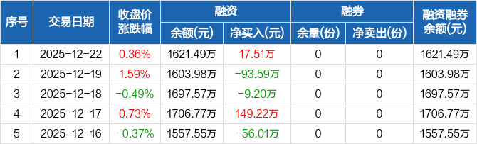 农业ETF:融资净买入17.51万元,融资余额1621.49万元(12-22)
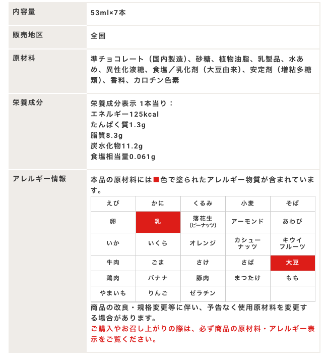 チョコレートアイスバー | 乳・大豆 | 比較的シンプルで卵・小麦は不使用 |
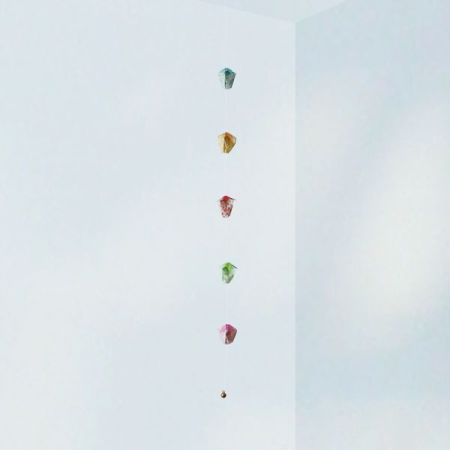 Ein sehr zierliches, verspieltes Mobile mit fünf kleinen Lampions aus japanischem Buntpapier mit Blütenaufdruck, das mit viel Liebe zum Detail von Hand gefaltet wurde. Das Messing-Glöckchen an seinem Ende ist mit seinen gerade mal 8 mm Breite winzig klein.
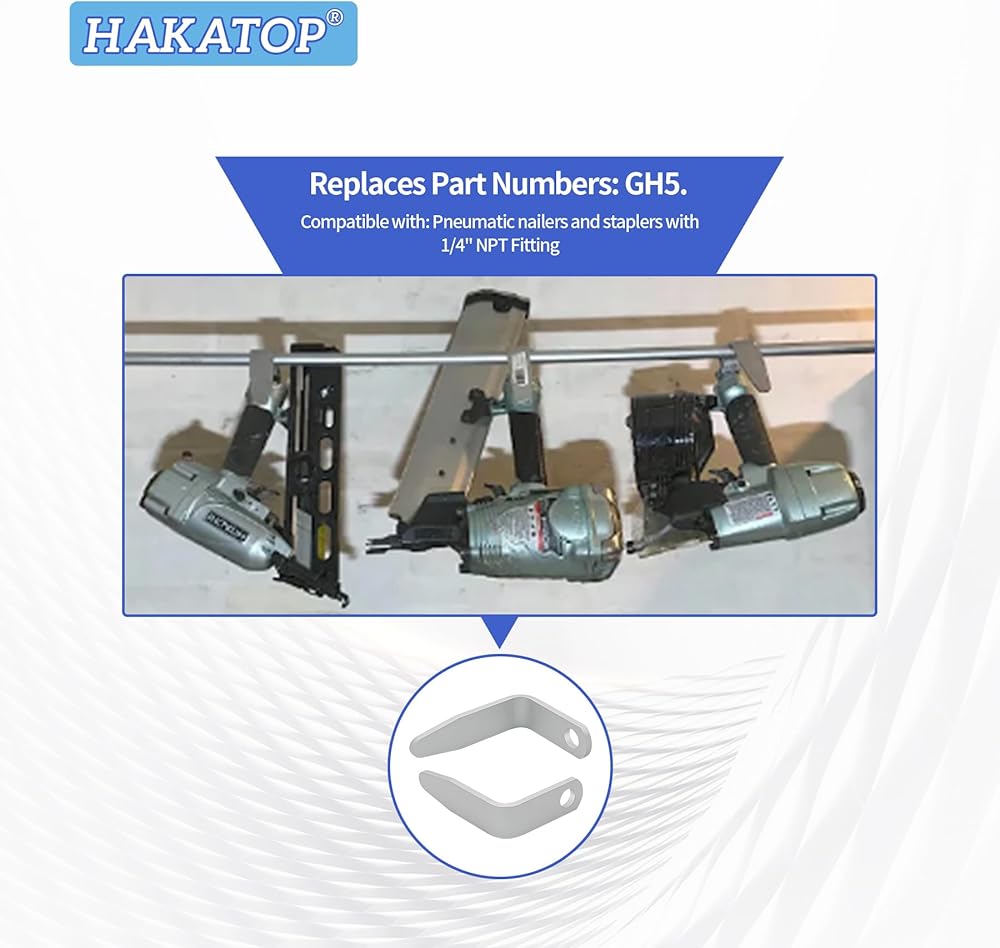 HAKATOP GH5 خطاف/شماعة ذات فتحة واحدة صغيرة لتركيب مسدس أظافر NPT مقاس 1/4 بوصة - مجموعة فتحات مزدوجة من الألومنيوم على شكل حرف L مكونة من 2
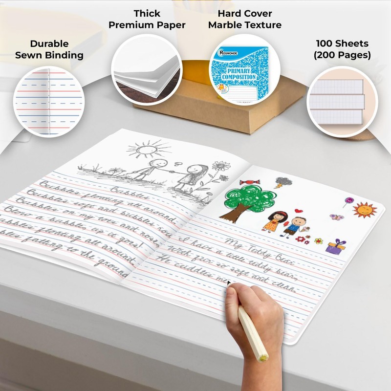 - PRIMARY COMPOSITION: Our 12 Pack primary composition notebooks come with 100 sheets (200 pages) of paper with sheet size of 9-3/4" x 7-1/2". The paper is thicker and of higher quality to handle pencils, crayons, and early handwriting efforts without ink bleed-through.
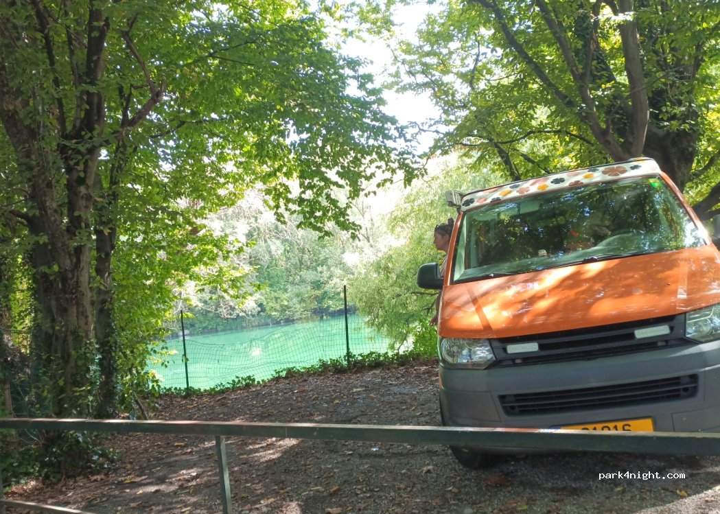 Parkplatz vor einem geschlossenen Restaurant, am Rand einer kleinen Sackgasse mit dem Auto, die aber durch einen Spaziergang entlang des Flusses verlängert werden kann. nebenan ein nautisches Zentrum für Kanu/Kajak und ein Kinderpark. Wir haben tagsüber dort angehalten, um ein Picknick zu machen und vor dem Fluss zu landen. Es ist sicherlich möglich, dort zu schlafen, aber wir hatten keine Gelegenheit, es zu versuchen. sehr ruhiger Ort, die Bewohner sind angenehm und einladend.
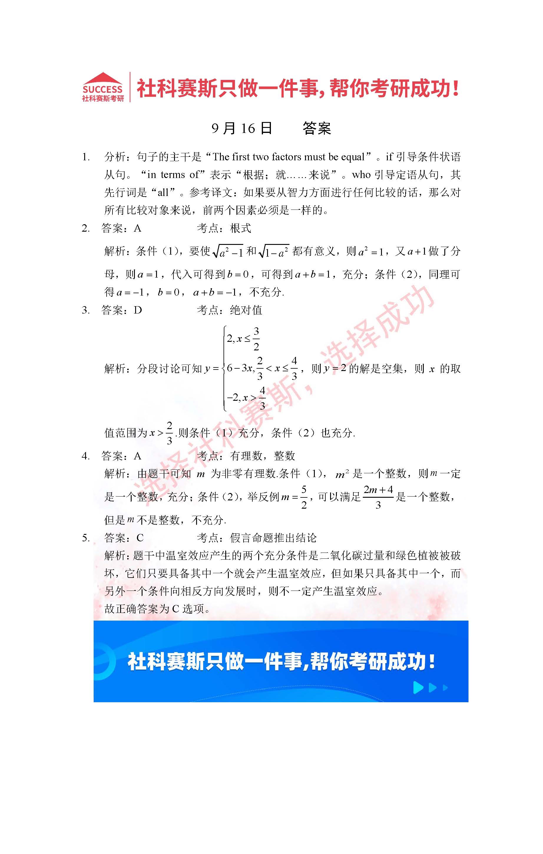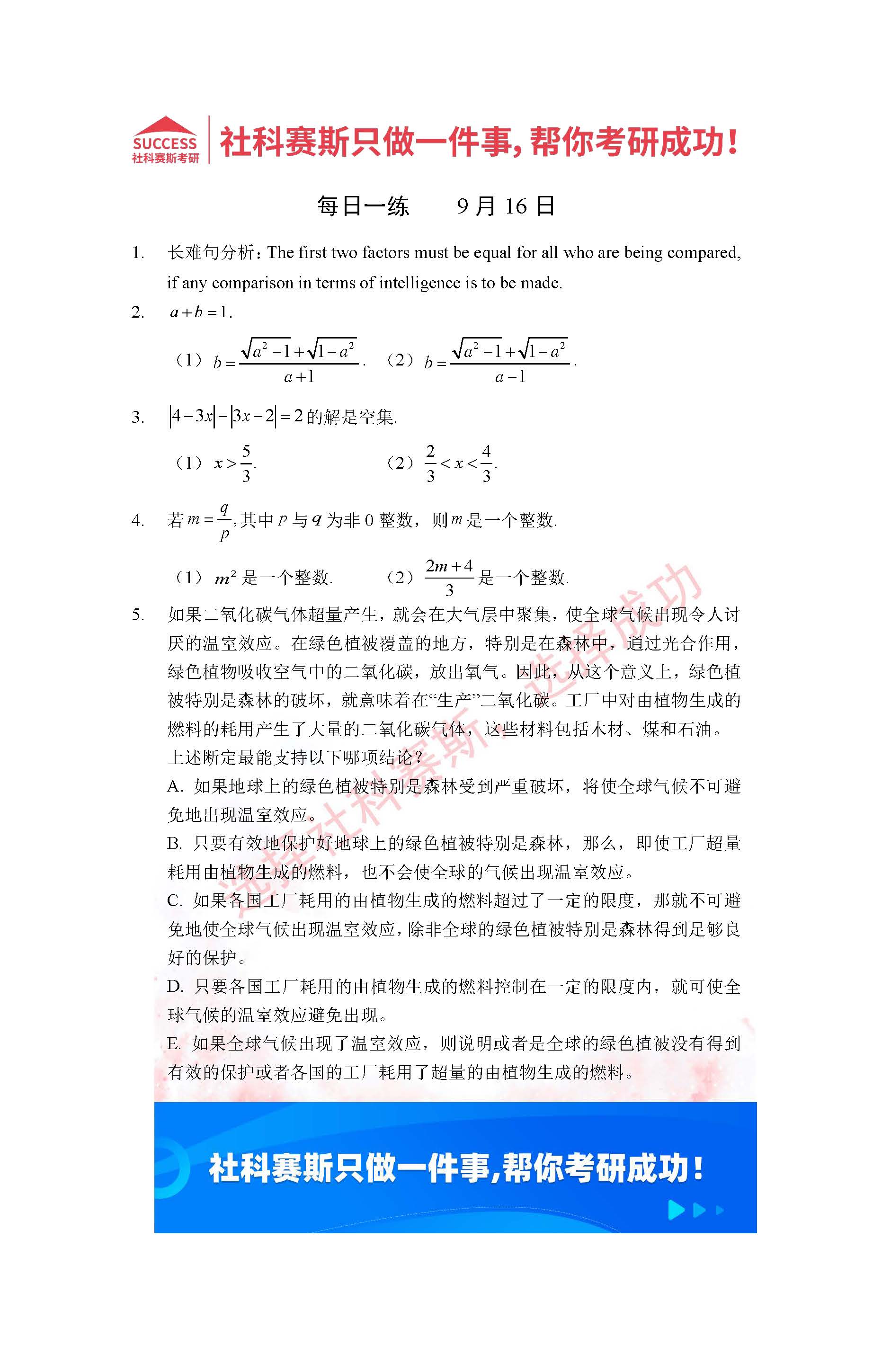 導讀:考研是一場持久戰,保持良好的學習習慣,是能確保復習高效的關鍵。今天社科賽斯MBA備考網小編整理了“2022管理類聯考9月16日每日一練及答案”的內容,希望能對廣大考生有所幫助。

What to produce: Each line from the first line of the records through the line containing "チョコレートアイスバー | 乳・大豆 | 比較的シンプルで卵・小麦は不使用 |" must be reproduced exactly, with both ends included and all pictures omitted; nothing else belongs in the answer.

Result of the exercise:
 农业ETF:融资净买入17.51万元,融资余额1621.49万元(12-22)
 チョコレートアイスバー | 乳・大豆 | 比較的シンプルで卵・小麦は不使用 |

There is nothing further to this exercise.